TASK INSTRUCTIONS. Which lines come from the start of the listing through the line holding "Set macina sale"? Restate exactly those, both included, minus the pictures.

DATA EXTRACT.
----

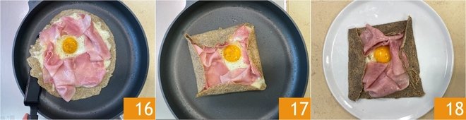 Lift the edges of the crepe with a spatula and fold them inward 16 to form a kind of square with the filling still visible 17. Proceed in the same way to make the other 3. Serve your complete Breton galette garnished with marjoram leaves 18!
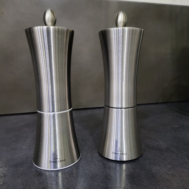 Set macina sale e pepe Villeroy & Boch in acciaio satinato. Misure 20x6,5 cm. Nuovo, mai usato.
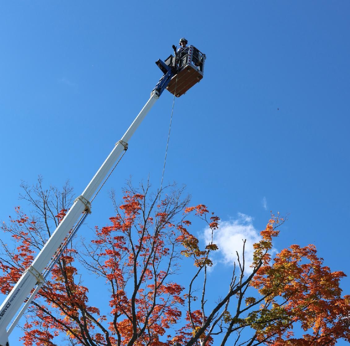 Doug ensures that his team is thoroughly educated in all aspects of skill development, equipment use and safety, which is paramount when climbing and cutting trees. The recently acquired spider-like BlueLift machine has a reach of 85 feet and can move through 38" openings; it's very nimble, and is the only one of its kind in the region. "It's an investment in better serving customers and making processes more efficient and safe," Doug says.
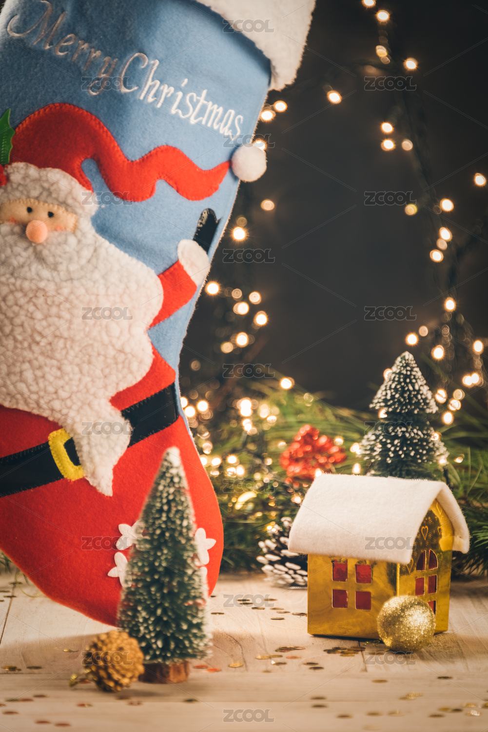 圣诞装饰品大圣诞袜和小玩具屋。

----

SOLUTION.
 Lift the edges of the crepe with a spatula and fold them inward 16 to form a kind of square with the filling still visible 17. Proceed in the same way to make the other 3. Serve your complete Breton galette garnished with marjoram leaves 18!
 Set macina sale e pepe Villeroy & Boch in acciaio satinato. Misure 20x6,5 cm. Nuovo, mai usato.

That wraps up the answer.